Many younger Jews increasingly interpret the Israeli-Palestinian conflict through broader frameworks involving colonialism, racial justice, indigenous rights, and anti-oppression politics — lenses that often diverge sharply from traditional Zionist narratives emphasizing Jewish historical vulnerability and national self-determination.
The poll conducted by the Jewish Voter Resource Center reflects that evolving mindset.
The organization, affiliated with the Jewish Democratic Council of America, surveyed 800 registered Jewish voters. The reported margin of error was plus or minus 3.5 percentage points overall and plus or minus 6.9 percentage points among Jews under 35.
The findings have intensified already-heated debates surrounding the meaning of Zionism itself.
Increasingly, American Jewish institutions face a complex reality in which many younger Jews simultaneously support Jewish identity, oppose antisemitism, and maintain emotional or familial ties to Israel while rejecting traditional nationalist formulations associated with political Zionism.
That ideological ambiguity complicates communal messaging and institutional cohesion.
Asher Kaplan Leba, a leader within the Massachusetts Synagogue Network on Israel/Palestine, told The Forward that many younger Jews have grown deeply pessimistic regarding the feasibility of a two-state solution.
“It was my position for many years,” said Leba, 32. “But I don’t want to spend the rest of my adult life waiting for the authoritarian, ethno-nationalists in control of Israel — who I share no values with — to change.”
His comments reflect a growing sentiment among segments of progressive American Jewry who increasingly view Israeli settlement expansion and right-wing political dominance as rendering territorial partition effectively impossible.
For critics of the one-state concept, however, the implications remain alarming.
Many Jewish organizations continue arguing that dismantling Israel’s Jewish national framework would ultimately erase the very purpose for which the state was founded: providing Jews with sovereign self-determination and collective security following centuries of persecution, pogroms, expulsions, and genocide.
They warn that a binational state could rapidly descend into demographic conflict, political instability, sectarian violence, or the effective dissolution of Jewish sovereignty.
Some organizations further contend that demands for a single state frequently function less as coexistence proposals and more as mechanisms aimed at eliminating Israel as a Jewish homeland altogether.
Those concerns have become especially pronounced following the rise of anti-Zionist activism on university campuses, where slogans advocating “from the river to the sea” have become increasingly common.
Yet younger Jewish activists often reject accusations that criticism of Zionism constitutes antisemitism.
Instead, many frame their positions as rooted in democratic equality, universal civil rights, and moral opposition to permanent occupation or unequal legal systems.
The resulting tensions are reshaping synagogues, university Hillels, advocacy organizations, political coalitions, and family conversations throughout American Jewish life.

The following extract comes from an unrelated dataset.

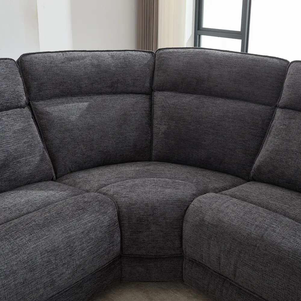 מערכת ישיבה פינתית מפנקת עם ריקליינרים ובר מרופדת בד רחיץ דגם קלאס-פחם
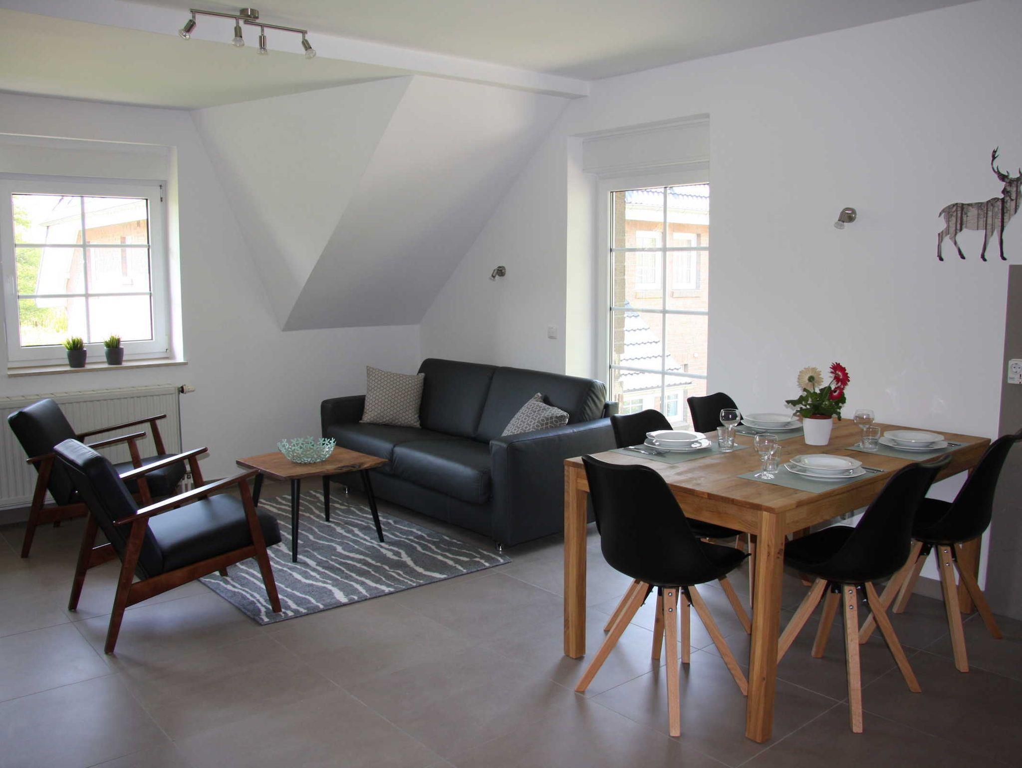 Die 3-Zimmer Maisonettewohnungen (70 m²) für Familien befinden sich im 1. OG und bieten einen wunderschönen Blick in die Natur. Die Maisonettewohnungen haben 2 Schlafzimmer mit Boxspringbetten, 2 Badezimmer, einen großen Wohnraum mit Couchgarnitur (Schlafsofa), eine integrierte Einbauküche mit Essbereich und einen Balkon. Die Küche ist in den großen Wohnraum integriert.

The Forward emphasized that the current moment represents not merely a transient political disagreement but potentially a historic transformation in Jewish identity politics within the United States.

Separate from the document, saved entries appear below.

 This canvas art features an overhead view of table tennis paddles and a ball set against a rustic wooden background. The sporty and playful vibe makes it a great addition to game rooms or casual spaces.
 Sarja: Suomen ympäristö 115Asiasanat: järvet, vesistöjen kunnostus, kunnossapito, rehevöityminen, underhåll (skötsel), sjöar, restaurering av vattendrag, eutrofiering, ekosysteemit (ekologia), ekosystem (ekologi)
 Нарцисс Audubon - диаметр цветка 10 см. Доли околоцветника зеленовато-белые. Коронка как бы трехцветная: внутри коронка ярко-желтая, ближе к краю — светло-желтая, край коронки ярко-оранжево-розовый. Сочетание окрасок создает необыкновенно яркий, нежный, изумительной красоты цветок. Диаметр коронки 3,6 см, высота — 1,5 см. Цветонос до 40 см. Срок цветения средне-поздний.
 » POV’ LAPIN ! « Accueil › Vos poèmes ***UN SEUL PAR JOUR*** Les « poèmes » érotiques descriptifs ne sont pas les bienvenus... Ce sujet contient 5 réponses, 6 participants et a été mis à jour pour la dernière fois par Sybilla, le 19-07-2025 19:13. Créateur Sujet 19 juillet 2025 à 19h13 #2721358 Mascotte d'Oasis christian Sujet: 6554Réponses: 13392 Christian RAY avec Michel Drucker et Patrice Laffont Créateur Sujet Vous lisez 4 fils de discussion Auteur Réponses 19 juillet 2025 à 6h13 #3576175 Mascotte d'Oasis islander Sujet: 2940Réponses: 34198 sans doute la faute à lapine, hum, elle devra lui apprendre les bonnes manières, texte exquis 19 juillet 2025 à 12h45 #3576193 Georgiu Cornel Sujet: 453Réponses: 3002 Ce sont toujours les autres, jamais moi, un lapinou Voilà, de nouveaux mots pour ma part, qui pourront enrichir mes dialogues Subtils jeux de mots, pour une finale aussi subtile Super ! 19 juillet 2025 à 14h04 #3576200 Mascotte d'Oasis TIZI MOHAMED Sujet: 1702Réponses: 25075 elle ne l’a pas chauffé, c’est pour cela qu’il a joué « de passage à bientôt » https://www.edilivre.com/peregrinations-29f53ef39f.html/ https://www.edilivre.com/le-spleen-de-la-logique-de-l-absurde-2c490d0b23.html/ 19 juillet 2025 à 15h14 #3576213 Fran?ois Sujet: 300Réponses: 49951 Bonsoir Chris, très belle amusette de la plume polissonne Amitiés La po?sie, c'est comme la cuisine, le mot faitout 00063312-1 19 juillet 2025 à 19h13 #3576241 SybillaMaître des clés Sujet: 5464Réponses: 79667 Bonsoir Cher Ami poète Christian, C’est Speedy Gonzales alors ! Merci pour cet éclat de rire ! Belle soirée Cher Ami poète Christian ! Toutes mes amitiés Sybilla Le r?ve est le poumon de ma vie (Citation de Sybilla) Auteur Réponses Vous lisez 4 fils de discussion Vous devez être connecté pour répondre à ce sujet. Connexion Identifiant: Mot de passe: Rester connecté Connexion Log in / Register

Whether that transformation ultimately leads toward new forms of Jewish pluralism, deeper communal fragmentation, or an eventual ideological realignment remains uncertain.
What appears increasingly undeniable, however, is that the once-dominant assumptions governing American Jewish consensus around Israel are undergoing extraordinary stress.

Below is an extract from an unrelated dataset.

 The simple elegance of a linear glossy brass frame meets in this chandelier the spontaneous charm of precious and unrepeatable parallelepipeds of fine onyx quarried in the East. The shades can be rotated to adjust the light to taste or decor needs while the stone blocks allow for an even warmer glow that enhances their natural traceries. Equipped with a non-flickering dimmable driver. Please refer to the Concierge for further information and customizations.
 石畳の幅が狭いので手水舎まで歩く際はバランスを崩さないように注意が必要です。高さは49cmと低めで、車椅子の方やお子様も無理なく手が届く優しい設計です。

The political vocabulary itself is changing.
Terms once considered marginal — binationalism, anti-Zionism, post-Zionism, decolonization, apartheid, ethnonationalism — now occupy central positions within debates unfolding across Jewish institutions, university campuses, political organizations, and social movements.
And as The Forward’s reporting makes clear, younger American Jews stand at the center of that transformation.
The long-term consequences could redefine not only the future of American Jewish politics, but also the evolving relationship between Israel and one of the largest Jewish diaspora communities in the world.